SYMP 19-3
Animal movement ecology and the conservation of highly mobile species

Thursday, August 13, 2015: 2:30 PM
307, Baltimore Convention Center
William F. Fagan, Department of Biology, University of Maryland, College Park, MD
Sharon A. Bewick, Bioogy, University of Maryland, College Park, College Park, MD
Background/Question/Methods

Real landscapes are dynamic in space and time, and the scales over which such variation occurs can determine the success of different conservation strategies for resident species. Within such landscapes, real species rely on a variety of individual-level behaviors for movement and navigation. Movement behaviors such as long-distance searching and fine-scale foraging are often intermixed, but operate on vastly different spatial and temporal scales.  Individual experience, life-history traits, and resource dynamics combine to shape population-level patterns such as range residency, migration, and nomadism.
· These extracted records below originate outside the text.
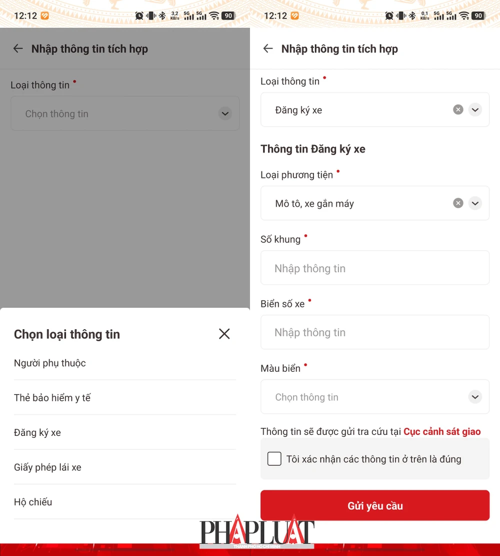 Sau khi đăng nhập vào ứng dụng, bạn hãy chuyển sang mục Ví giấy tờ - Tích hợp giấy tờ - Tạo mới yêu cầu - Đăng ký xe, điền đầy đủ các thông tin cần thiết, bao gồm biển số xe và số khung. Hệ thống sẽ đối chiếu dữ liệu với cơ sở dữ liệu đăng ký xe của cơ quan công an.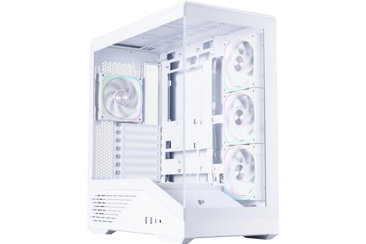 Завдяки панорамному огляду 270°, створеному за допомогою загартованого скла на передній та бічній панелях, корпус надає можливість милуватися кожним елементом вашої збірки без зайвих перегородок. Це рішення дозволяє спостерігати за красою внутрішніх компонентів, надаючи вашому ПК вигляд сучасного «акваріума».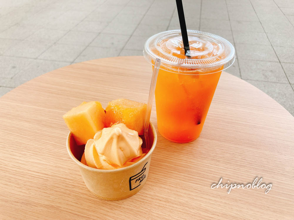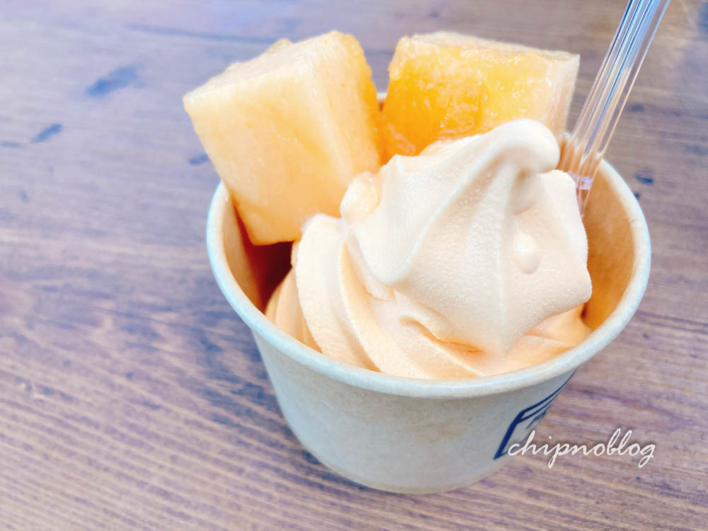 私はメロンソフトとメロンを食べて、少しもらったメロンジュースもすごくおいしかった。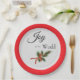Make your table extra festive this holiday with this Christmas themed "Joy to the World" paper plate with a evergreen holly branch design.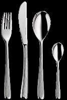 The surface structure of the brushed cutlery is matt, and looks fine and velvety. To achieve this effect, each piece is treated with special bands, resulting in a dynamic curve that gives the cutlery an added dimension.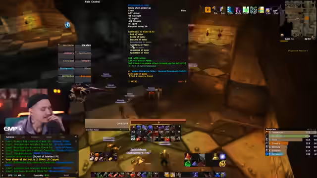 06:45:33Die Vorbereitung für den Raid erfordert flexible Koordination. Der Streamer erwägt, möglicherweise als Ersatz-Tank in Molten Core (MC) einzuspringen, falls Notwendigkeit besteht, oder alternativ mit anderen Spielern im Wald von Elving zu Dungeons zu ziehen. Gleichzeitig wird die Gruppeneinteilung für die LBS- (Lower Blackrock Spire) und UBS- (Upper Blackrock Spire) Runs festgelegt. Es werden Spieler ausgetauscht, damit bestimmte ihre Quests abschließen können, und es wird nach einem erfahrenen Guide für LBS gesucht, da das Wissen in der Gruppe als gering eingeschätzt wird.

Combining empirical movement data and powerful statistical approaches provides pathways for understanding animal movement on the large spatial scales that are so critical for conservation. Methods such as ‘animal models’ of pedigree effects, semi-variance functions for animal movement data, and special kernel density estimators that leverage the long term autocorrelations present in animal tracking data are increasingly essential tools at the interface of ecology and conservation.  Such approaches help ecologists interpret the consequences of conservation efforts, aid the analysis of large-scale datasets, and identify priority areas for conservation.

Results/Conclusions

The interface between basic ecology and conservation science is robust, and ecological principles are often critical to effective conservation.  However, the interface is actually a two-way street. For example, data on rare species can yield new insights on ecological processes, and conservation-relevant datasets present analytical challenges that inspire novel ecological techniques. I focus here on these latter connections, whereby conservation efforts spawn new ecological findings and approaches. For example, decades of investment in the conservation of the migratory whooping crane have provided an unparalleled dataset for learning about how the experience level of migrating birds influences group performance. Recent discoveries demonstrated that the migratory trajectories of young birds were more direct when they flew with older, more experienced birds. New results show that similar experience-based processes underlie migratory ‘shortstopping’ and the choice of overwintering sites. Likewise, analytical challenges characteristic of mammalian tracking data necessitate new statistical approaches. Examples include semi-variance approaches, which identify multiple movement modes and solve the sampling rate problem for tracking data, and autocorrelated kernel density estimators, which provide robust approaches for delineating animal ranges. Together these approaches reveal relationships among individual movements, landscape dynamics, and population level patterns, strengthening the bridge from conservation to basic ecology.